DATASET RECORDS
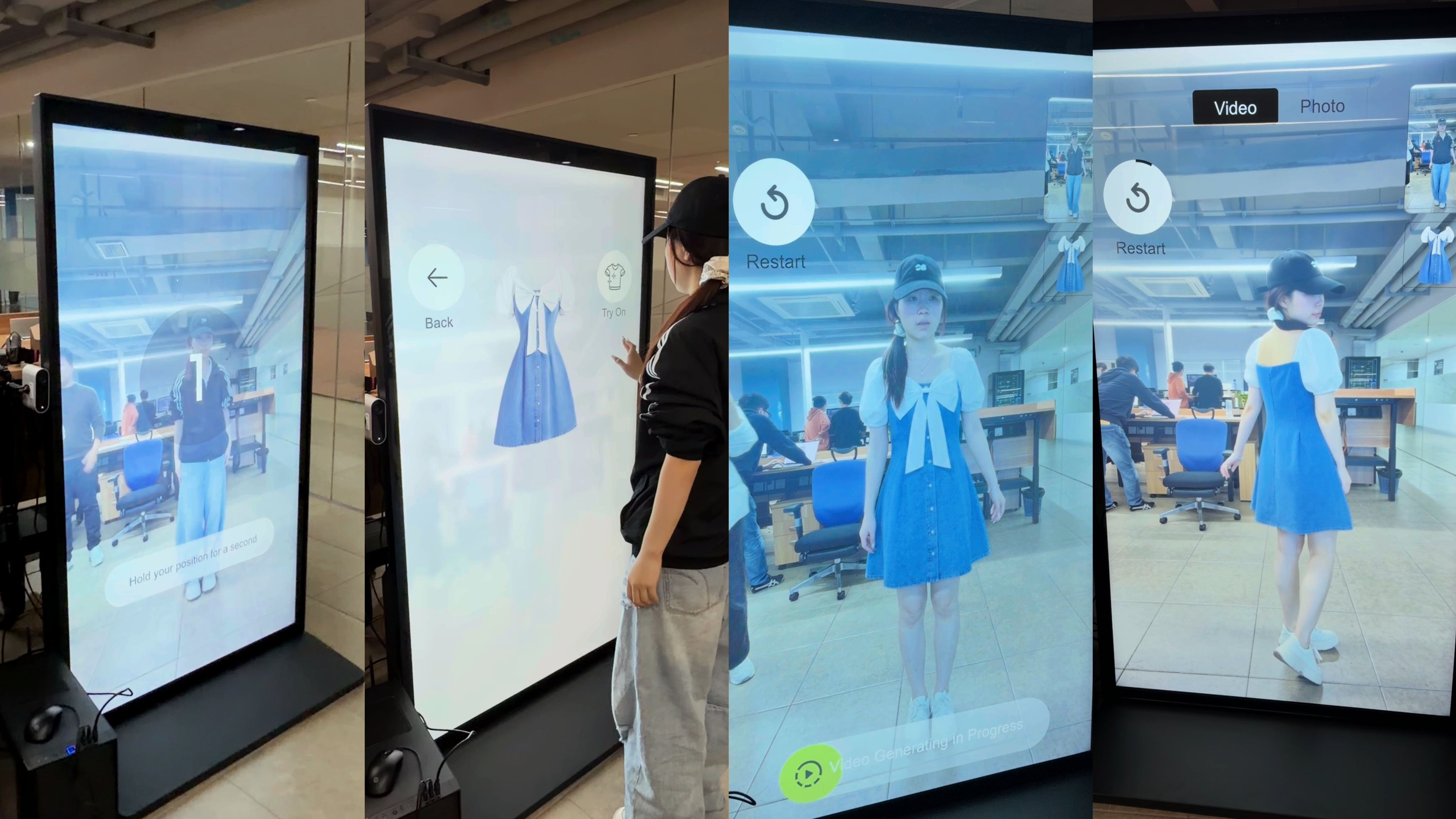Dreamfit AI试衣屏:拍照-选择服装-生成图片-动态视频
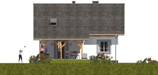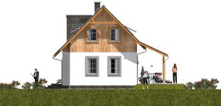 Graficzne opracowanie rzutów poglądowych widocznych na karcie projektu zostało wykonane przez Extradom.pl. Prezentowane przez Extradom.pl wizualizacje wykonane zostały przez autora projektu i należy poczytywać je jedynie za przykład i propozycję wykończenia, wizję architektoniczną autora projektu. Ostateczne wykończenie budynku może nastąpić na wiele sposobów. Szczegółowe rozwiązania zastosowane w oferowanej dokumentacji - w tym również ilość, lokalizacje i wygląd okien, drzwi, kominów - mogą w niewielkim stopniu różnić się od prezentowanej wizualizacji budynku.
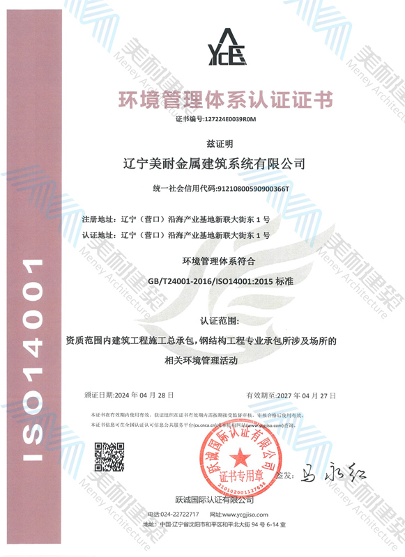 遼寧美耐金屬建筑系統(tǒng)有限公司位于遼寧(營(yíng)口)沿海產(chǎn)業(yè)基地,專(zhuān)注于預(yù)制金屬建筑系統(tǒng)領(lǐng)域,是一家集工業(yè)建筑設(shè)計(jì)、制作、施工及相關(guān)的技術(shù)咨詢(xún)與服務(wù)為一體的綜合性服務(wù)企業(yè)。作為國(guó)家鋼結(jié)構(gòu)協(xié)會(huì)會(huì)員、中國(guó)建筑金屬結(jié)構(gòu)協(xié)會(huì)會(huì)員單位與國(guó)家高新技術(shù)企業(yè),美耐建筑集建筑工程施工總承包、鋼結(jié)構(gòu)工程專(zhuān)業(yè)承包等多種資質(zhì)于一身,并擁有22項(xiàng)鋼結(jié)構(gòu)建筑領(lǐng)域?qū)@?項(xiàng)軟件著作權(quán)。
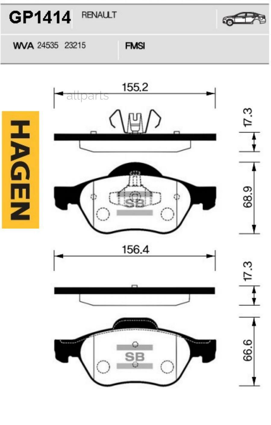 Отзывы на SANGSIN BRAKE GP1414 Колодки торм. дисковые HAGEN Renault CLIO 06- Megane II
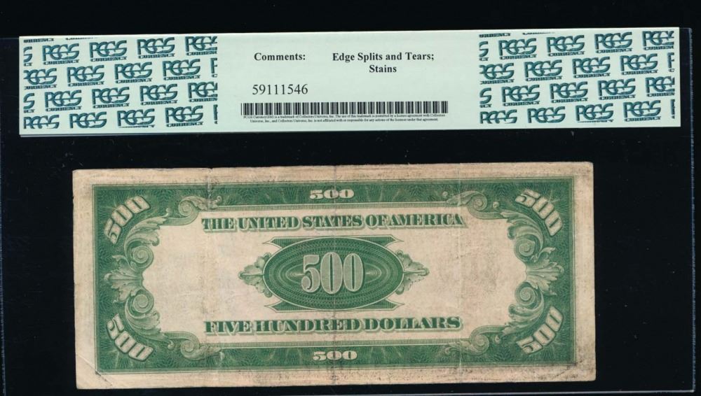 One 1934 $500 New York Federal Reserve Note PCGS 20.
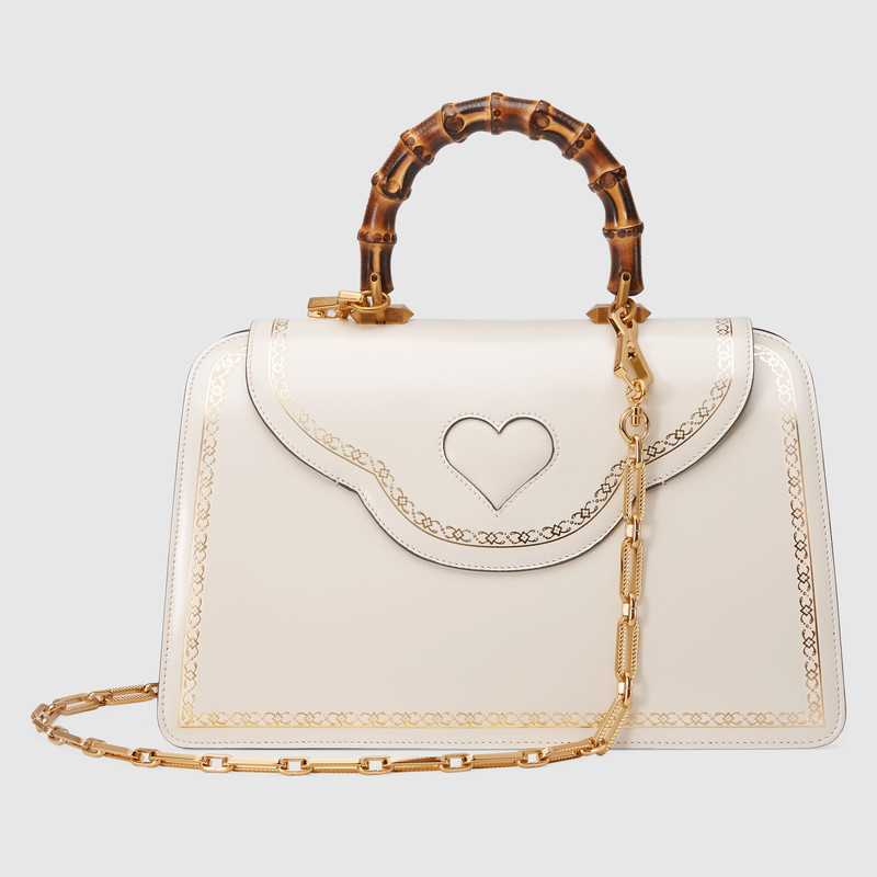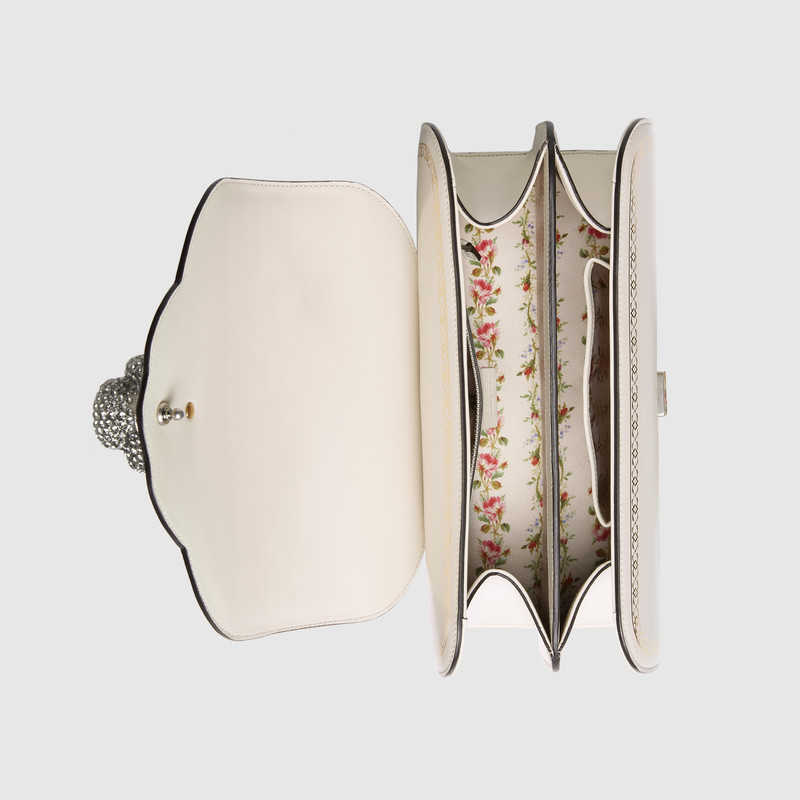 A structured top handle bag in glossy leather is enriched with a gold printed frame with an intricately braided pattern. The iconic bamboo handle is juxtaposed with the symbol of a roaring feline head, painted with colored enamel and encrusted with sparkling crystals and two stones at the eyes. The detachable chain strap allows the style to be worn as a shoulder bag. Each handbag will come with a small, pocket-sized book featuring a unique printed cover inspired by the collection. The book-"Juvenilia"-is a compilation of short stories written by English writer Jane Austen during her teenage years from 1787-1793, a time during which she was free from censorship or societal pressure. The creative chaos and the continuous contradictions which characterize the stories are the same pillars we witness in Gucci鈥檚 collections.

PROBLEM STATEMENT
Transcribe exactly the line that contains "遼寧美耐金屬建筑系統(tǒn" and each line after it through the end of the listing. Leave out the pictures.

PROBLEM SOLUTION
 遼寧美耐金屬建筑系統(tǒng)有限公司位于遼寧(營(yíng)口)沿海產(chǎn)業(yè)基地,專(zhuān)注于預(yù)制金屬建筑系統(tǒng)領(lǐng)域,是一家集工業(yè)建筑設(shè)計(jì)、制作、施工及相關(guān)的技術(shù)咨詢(xún)與服務(wù)為一體的綜合性服務(wù)企業(yè)。作為國(guó)家鋼結(jié)構(gòu)協(xié)會(huì)會(huì)員、中國(guó)建筑金屬結(jié)構(gòu)協(xié)會(huì)會(huì)員單位與國(guó)家高新技術(shù)企業(yè),美耐建筑集建筑工程施工總承包、鋼結(jié)構(gòu)工程專(zhuān)業(yè)承包等多種資質(zhì)于一身,并擁有22項(xiàng)鋼結(jié)構(gòu)建筑領(lǐng)域?qū)@?項(xiàng)軟件著作權(quán)。
 Отзывы на SANGSIN BRAKE GP1414 Колодки торм. дисковые HAGEN Renault CLIO 06- Megane II
 One 1934 $500 New York Federal Reserve Note PCGS 20.
 A structured top handle bag in glossy leather is enriched with a gold printed frame with an intricately braided pattern. The iconic bamboo handle is juxtaposed with the symbol of a roaring feline head, painted with colored enamel and encrusted with sparkling crystals and two stones at the eyes. The detachable chain strap allows the style to be worn as a shoulder bag. Each handbag will come with a small, pocket-sized book featuring a unique printed cover inspired by the collection. The book-"Juvenilia"-is a compilation of short stories written by English writer Jane Austen during her teenage years from 1787-1793, a time during which she was free from censorship or societal pressure. The creative chaos and the continuous contradictions which characterize the stories are the same pillars we witness in Gucci鈥檚 collections.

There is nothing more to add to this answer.